■ **AIM OF THE TASK**
Using the data below, output a verbatim copy of the lines between the one holding "لوبيرفا تحمل قميص" and the one holding "Hier ein weiteres", inclusive, without any pictures.

■ **SUPPLIED RECORDS**
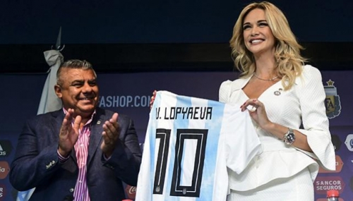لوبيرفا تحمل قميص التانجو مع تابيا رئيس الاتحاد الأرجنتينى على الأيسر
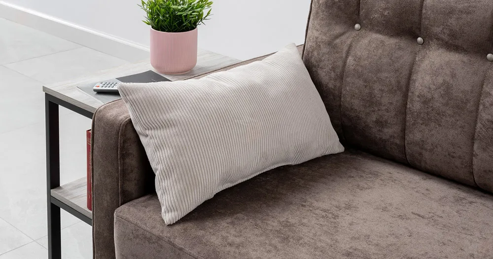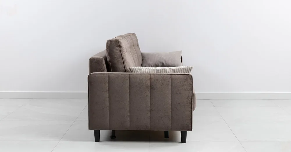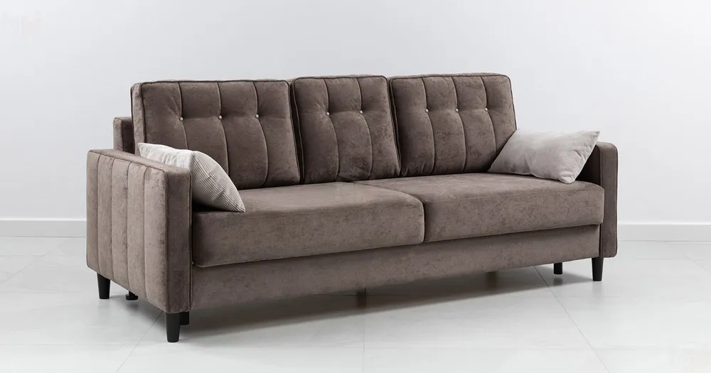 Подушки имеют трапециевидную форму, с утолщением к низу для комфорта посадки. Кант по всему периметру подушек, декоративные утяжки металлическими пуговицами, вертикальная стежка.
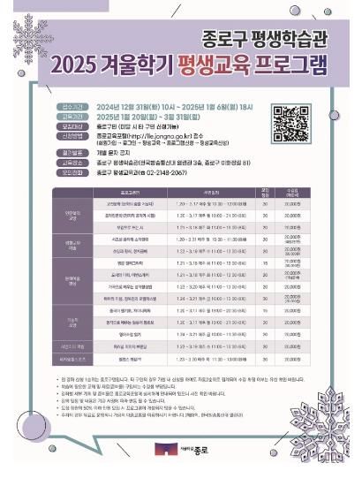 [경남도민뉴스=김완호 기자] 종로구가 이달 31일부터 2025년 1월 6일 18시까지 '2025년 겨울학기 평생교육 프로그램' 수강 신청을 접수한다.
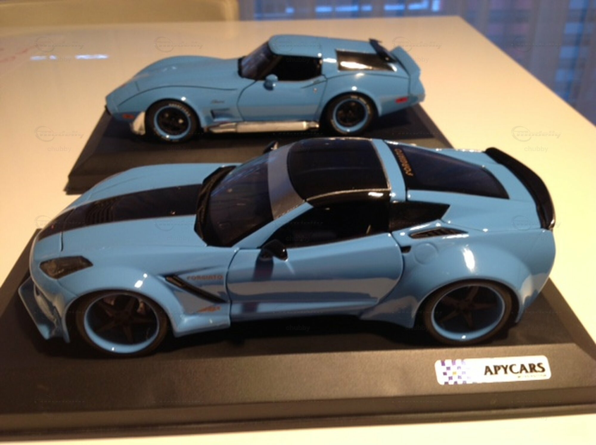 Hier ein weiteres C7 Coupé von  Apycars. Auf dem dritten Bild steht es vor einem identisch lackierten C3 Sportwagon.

--

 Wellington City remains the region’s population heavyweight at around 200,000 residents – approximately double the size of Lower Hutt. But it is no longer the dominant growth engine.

■ **REPLY**
لوبيرفا تحمل قميص التانجو مع تابيا رئيس الاتحاد الأرجنتينى على الأيسر
 Подушки имеют трапециевидную форму, с утолщением к низу для комфорта посадки. Кант по всему периметру подушек, декоративные утяжки металлическими пуговицами, вертикальная стежка.
 [경남도민뉴스=김완호 기자] 종로구가 이달 31일부터 2025년 1월 6일 18시까지 '2025년 겨울학기 평생교육 프로그램' 수강 신청을 접수한다.
 Hier ein weiteres C7 Coupé von  Apycars. Auf dem dritten Bild steht es vor einem identisch lackierten C3 Sportwagon.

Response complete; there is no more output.